Ce matin de décembre 2008, c'est un usager qui découvre le corps de Catherine Burgod, lardé de 28 coups de couteau. Dans la kitchenette au fond du bureau de poste, cette mère, enceinte de cinq mois, gît dans une mare de sang. Le contenu du coffre a disparu.

Très vite, les soupçons des gendarmes se portent sur des marginaux toxicomanes, vivotant de minima sociaux dans un ancien hôtel, en face de la poste. Et notamment sur Gérald Thomassin, qui chaque mois vient y toucher son RMI.

Découvert à 16 ans par le réalisateur Jacques Doillon dans un foyer de la Ddass de Seine-Saint-Denis, promis à une brillante carrière cinématographique, Thomassin a sombré dans l'alcoolisme et l'héroïne, entre quelques petits rôles dans des films d'auteur. C'est après son dernier film avec Doillon, "Le Premier Venu", où il incarne un autre petit voyou, qu'il s'installera, en mai 2007, à Montréal-la-Cluse.

En l'absence de témoins et d'empreintes génétiques, l'enquête piétine. Incertitude aussi sur l'arme du crime. Même si, selon le conseil de la famille Burgot, Me Jacques Frémion, les gendarmes ont retrouvé chez Thomassin un couteau de cuisine "compatible avec les blessures" de la victime. "Mais sans aucune trace de son ADN", rétorque son avocat, Me Benoît Cousin.

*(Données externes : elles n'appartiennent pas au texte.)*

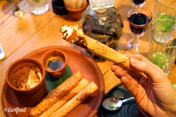 Так, тирамису в Oxota Na Ovets приносят в виде отдельной плошки с кремом (маскарпоне, взбитый с желтками и пудрой), чашки с крепким кофе, а вместо классических савоярди подают вафельные трубочки по бабушкиному рецепту шефа. Хочешь — макаешь трубочки в кофе, а затем в крем, хочешь, ешь крем трубочками, а хочешь — съедаешь отдельно крем, запиваешь его кофе и на закуску хрустишь трубочкой или заворачиваешь её в салфетку и уносишь с собою, как приятное, но быстросъедаемое воспоминание о проведённом вечере в Oxota Na Ovets.
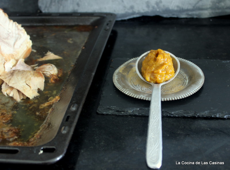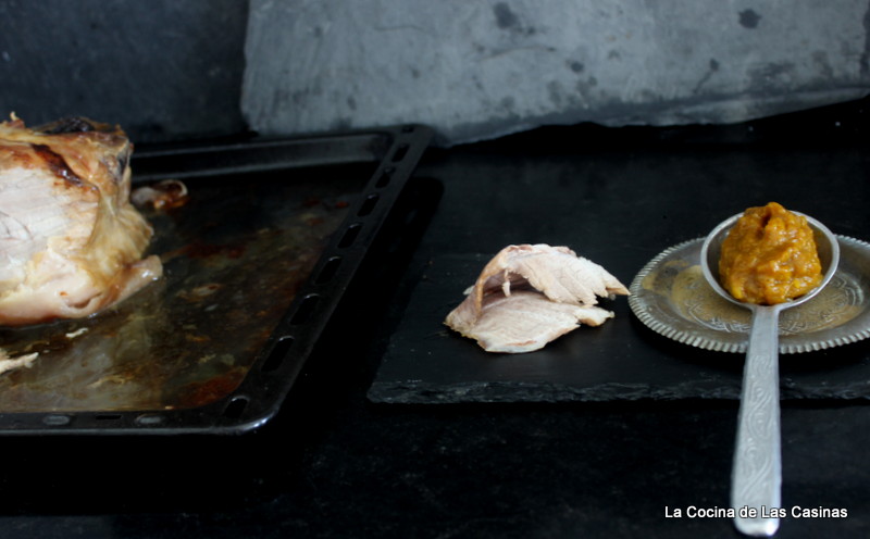 Para hacer la salsa, desgrasa la fuente en el fuego, añade un poco de agua y frota con cuchara de madera. Lonchea el jamón en láminas finas. He acompañado con el Chutney de mi amiga Violeta y con una ensaladilla de patata, huevo cocido, zanahoria cocida y pepinillos en vinagre, cortados en brunoise y aderezada con una salsa de mayonesa y mostaza. Te garantizo exitazo, espero que te guste bsss.
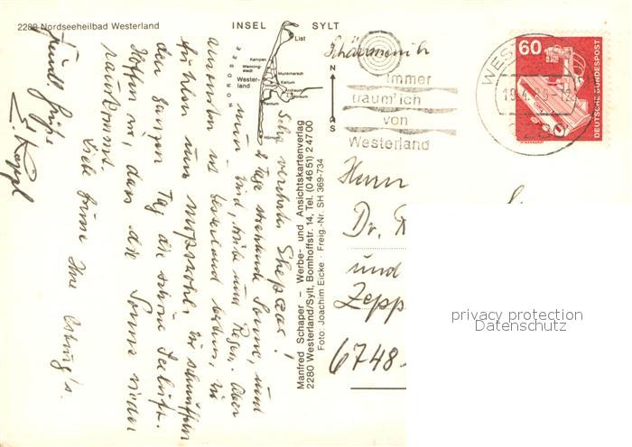73636870 alte Postkarte Westerland Sylt Nordseeheilbad Fliegeraufnahme postalisch gelaufen Erhaltung siehe scans [FriedD77] KatCode: 11110001054151
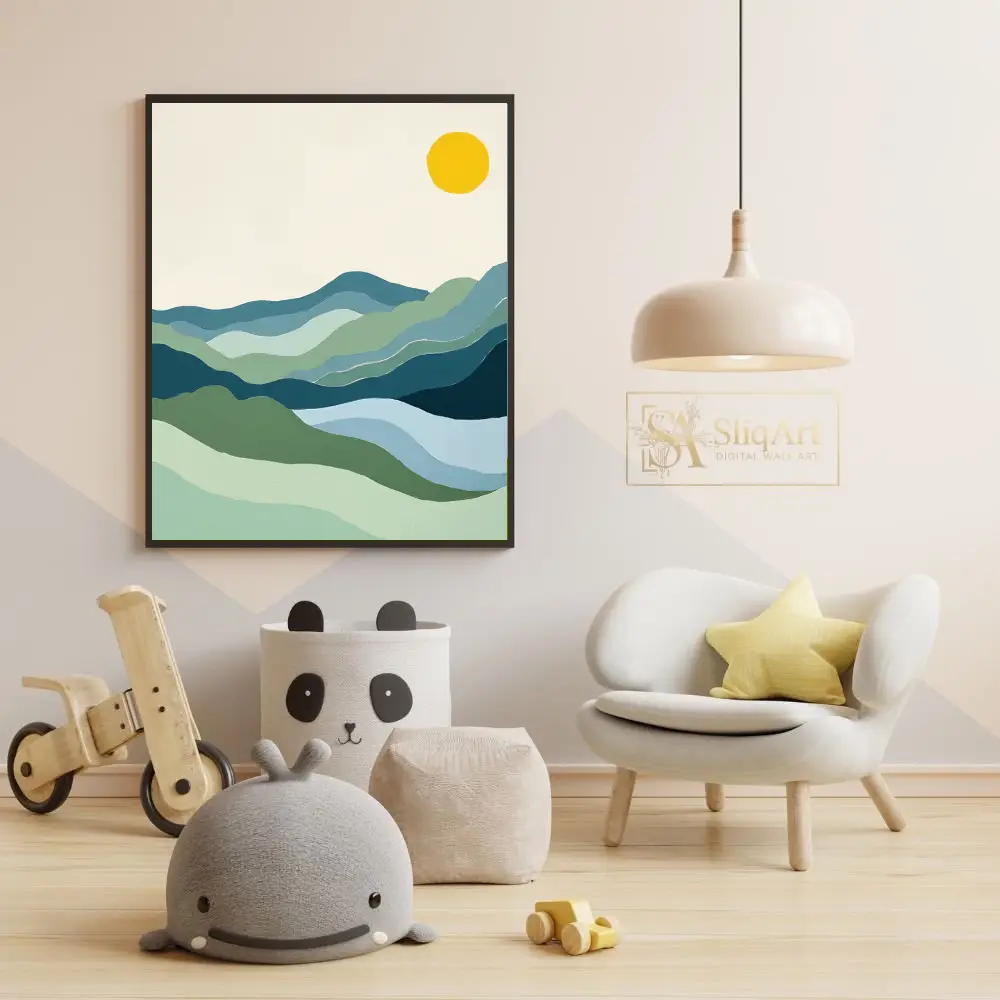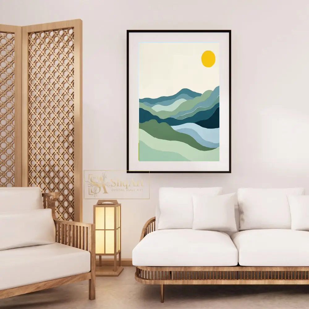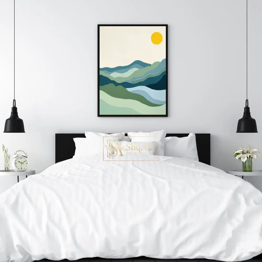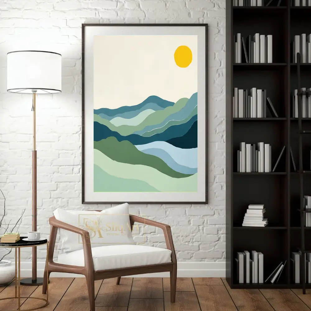 Be the first to review “Minimalist Mountain Landscape Art | Abstract Blue & Green Hills”
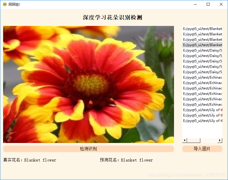 该项目是基于Keras的VGG16模型微调实现的深度学习花朵识别检测系统,使用Python语言中的cv2和numpy库对图像进行预处理,使用keras的ImageDataGenerator进行数据增强,采用Pyqt5实现功能的可视化,方便用户对图片进行检测。在实验过程中,发现当数据集较小,很难在一个新的网络结构上训练出具有很高准确率的模型,可以借助预训练网络模型(即已经训练好的网络模型,如VGG16)。我们利用自己的数据集来重新训练这些模型的分类层,就可以获得比较高的准确率。在此基础上该模型调参优化得到了98%以上的准确率验证了微调模型有助于训练小样本模型。

Placé en garde à vue en janvier 2009, Thomassin est relâché, faute de preuves. Malgré plusieurs "faits troublants", selon Me Frémion. Comme le témoignage de deux soeurs qui l'ont vu sur la tombe de Catherine Burgot "mimant quasiment la scène de crime".

Dans un entretien au Monde, en juillet 2013, Raymond Burgot raconte que Thomassin l'avait abordé dans la rue pour lui dire qu'il "n'était pas le meurtrier": "Il m'a assuré qu'à la place du coupable, il aurait utilisé une cagoule et des gants et qu'il aurait +volé mais pas tué+".

- 'Il aurait dit n'importe quoi' -

Mais pour Me Frémion, "il y a un lourd faisceau d'indices graves, précis et concordants". Allusion aux écoutes téléphoniques où Thomassin déclare à son frère: "Je vais aller à la gendarmerie dire que c'est moi qui l'ai tuée".

Certes "il est revenu sur ses déclarations" en garde à vue, "mais il faudra qu'il explique comment ça se fait qu'il sait tout au détail près sur l'assassinat, jusqu'au montant du butin jamais communiqué", bouillonne l'avocat.

"Il était tellement excédé et complètement bourré, il aurait dit n'importe quoi", rétorque Me Cousin, qui ajoute que "ses dépenses sont restées les mêmes dans les mois qui ont suivi le drame".

Interpellé à Rochefort, Thomassin a été mis en examen le 29 juin 2013 pour "vol avec arme et meurtre sur personne chargée d'une mission de service public". A la surprise générale, il avait été remis en liberté sous contrôle judiciaire. Le parquet avait fait appel et le 12 juillet la cour d'appel de Lyon ordonnait son placement en détention.

Ecroué à Lyon Corbas, Thomassin, "fragile psychologiquement et physiquement", "vit très mal son incarcération" et est "régulièrement hospitalisé", selon son avocat qui veut croire que la justice rendra un non-lieu.